Hailton Correa
Às ideias, muitas vezes é preferível o mofo e a poeira do que é intrínseco, do que o verniz e o polimento do que é superficial.
Os pezinhos pisam as areias frescas, brincando numa distância mais segura, longe da podridão da maldade humana.
Cinco pras Seis
Soa o despertador. Deu vontade de quebrá-lo ou atirá-lo contra a parede ou retirar a bateria ou engoli-lo. Programou para voltar a tocar em cinco minutos, voltou a dormir e sonhou. Falta de ar. Sangue escorrendo. Corpo esfriando. A morte chegando. Nem um minuto mais lhe restaria. Ao tocar pela segunda vez, de sobressalto pôs-se sentado, beijou o aparelho e jurou, ainda ofegante, amor eterno.
Uns Cortes
Começou primeiro a cortar mesa e cadeiras, sofá, televisão, depois raque, filtro de água, fogão, carros, em seguida árvores, e por fim animais e gentes. As lâminas vazavam tudo, sem dó nem piedade, a mando de uma mulherona mandona que observava de certa distância com fúria nos olhos.

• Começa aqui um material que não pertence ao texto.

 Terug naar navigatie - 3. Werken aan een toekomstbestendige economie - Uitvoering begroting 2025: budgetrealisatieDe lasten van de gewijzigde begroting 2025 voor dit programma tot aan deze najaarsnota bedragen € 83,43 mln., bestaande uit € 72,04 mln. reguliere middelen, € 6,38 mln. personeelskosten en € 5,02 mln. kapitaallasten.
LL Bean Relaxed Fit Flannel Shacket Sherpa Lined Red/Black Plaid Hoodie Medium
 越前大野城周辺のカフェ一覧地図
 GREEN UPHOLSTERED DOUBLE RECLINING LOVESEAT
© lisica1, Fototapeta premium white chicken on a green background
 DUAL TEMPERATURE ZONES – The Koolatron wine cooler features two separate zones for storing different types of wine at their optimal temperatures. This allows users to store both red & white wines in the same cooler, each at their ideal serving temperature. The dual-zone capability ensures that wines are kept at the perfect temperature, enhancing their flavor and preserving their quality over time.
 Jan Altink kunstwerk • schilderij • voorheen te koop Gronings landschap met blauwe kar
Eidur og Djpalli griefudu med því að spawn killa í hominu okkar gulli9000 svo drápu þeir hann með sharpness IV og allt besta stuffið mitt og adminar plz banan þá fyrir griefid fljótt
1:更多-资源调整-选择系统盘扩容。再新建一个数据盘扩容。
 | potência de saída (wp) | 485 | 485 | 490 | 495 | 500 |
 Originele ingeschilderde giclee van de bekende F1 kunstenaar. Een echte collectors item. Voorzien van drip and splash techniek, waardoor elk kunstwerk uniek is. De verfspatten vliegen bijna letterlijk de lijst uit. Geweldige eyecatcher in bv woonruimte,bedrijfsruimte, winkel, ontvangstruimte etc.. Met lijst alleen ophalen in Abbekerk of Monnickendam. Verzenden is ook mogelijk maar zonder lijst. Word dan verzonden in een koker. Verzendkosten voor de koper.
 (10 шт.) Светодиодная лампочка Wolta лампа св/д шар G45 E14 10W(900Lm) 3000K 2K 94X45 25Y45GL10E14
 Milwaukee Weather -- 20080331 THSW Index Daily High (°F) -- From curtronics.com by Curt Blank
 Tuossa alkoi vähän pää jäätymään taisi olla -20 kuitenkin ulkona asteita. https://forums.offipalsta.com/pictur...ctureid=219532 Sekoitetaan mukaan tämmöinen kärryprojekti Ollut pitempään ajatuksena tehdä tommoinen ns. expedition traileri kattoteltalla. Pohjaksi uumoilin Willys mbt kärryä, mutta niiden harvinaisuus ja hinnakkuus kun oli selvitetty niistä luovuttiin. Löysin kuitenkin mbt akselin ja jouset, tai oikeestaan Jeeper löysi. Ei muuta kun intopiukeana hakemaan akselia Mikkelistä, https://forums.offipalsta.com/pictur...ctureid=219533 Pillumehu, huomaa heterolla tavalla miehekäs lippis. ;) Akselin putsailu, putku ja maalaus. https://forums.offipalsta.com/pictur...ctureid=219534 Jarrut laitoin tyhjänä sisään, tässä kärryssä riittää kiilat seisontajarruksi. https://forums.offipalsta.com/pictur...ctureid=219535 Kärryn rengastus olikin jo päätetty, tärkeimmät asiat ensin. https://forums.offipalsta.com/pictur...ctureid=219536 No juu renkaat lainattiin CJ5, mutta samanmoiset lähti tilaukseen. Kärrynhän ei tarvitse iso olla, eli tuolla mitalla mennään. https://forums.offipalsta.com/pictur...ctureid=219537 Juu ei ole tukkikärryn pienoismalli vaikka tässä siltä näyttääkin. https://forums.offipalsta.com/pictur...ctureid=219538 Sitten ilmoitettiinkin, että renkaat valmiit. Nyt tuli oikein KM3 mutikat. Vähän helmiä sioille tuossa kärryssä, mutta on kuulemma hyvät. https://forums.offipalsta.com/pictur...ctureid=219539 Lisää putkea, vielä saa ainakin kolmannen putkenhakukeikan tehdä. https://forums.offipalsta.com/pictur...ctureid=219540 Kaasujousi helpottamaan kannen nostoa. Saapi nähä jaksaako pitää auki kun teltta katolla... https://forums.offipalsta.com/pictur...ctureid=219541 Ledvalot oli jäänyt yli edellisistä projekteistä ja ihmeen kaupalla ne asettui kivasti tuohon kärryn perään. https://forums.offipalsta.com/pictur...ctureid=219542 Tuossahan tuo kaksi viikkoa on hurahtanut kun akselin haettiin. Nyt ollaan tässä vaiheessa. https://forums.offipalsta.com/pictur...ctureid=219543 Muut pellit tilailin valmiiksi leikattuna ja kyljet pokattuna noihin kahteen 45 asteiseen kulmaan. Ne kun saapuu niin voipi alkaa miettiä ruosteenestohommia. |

— Corto também essa carne podre pendurada nas suas costas? — perguntou-lhe o sujeito com a máquina na mão.
— Não, isso não. De jeito nenhum. Está louco?
E caminhando em direção a ele:
— Dá aqui essa máquina, você também já não me serve mais.
— Ziu!
Toda experiência que a gente adquire é um mero empréstimo, cuja serventia devia ser mais coletiva que individual. Talvez isso explique o porquê de estarmos tão desengonçados.
Quando parecer impossível remontar as coisas quebradas, o melhor, talvez, seja misturar os cacos e iniciar um belo mosaico.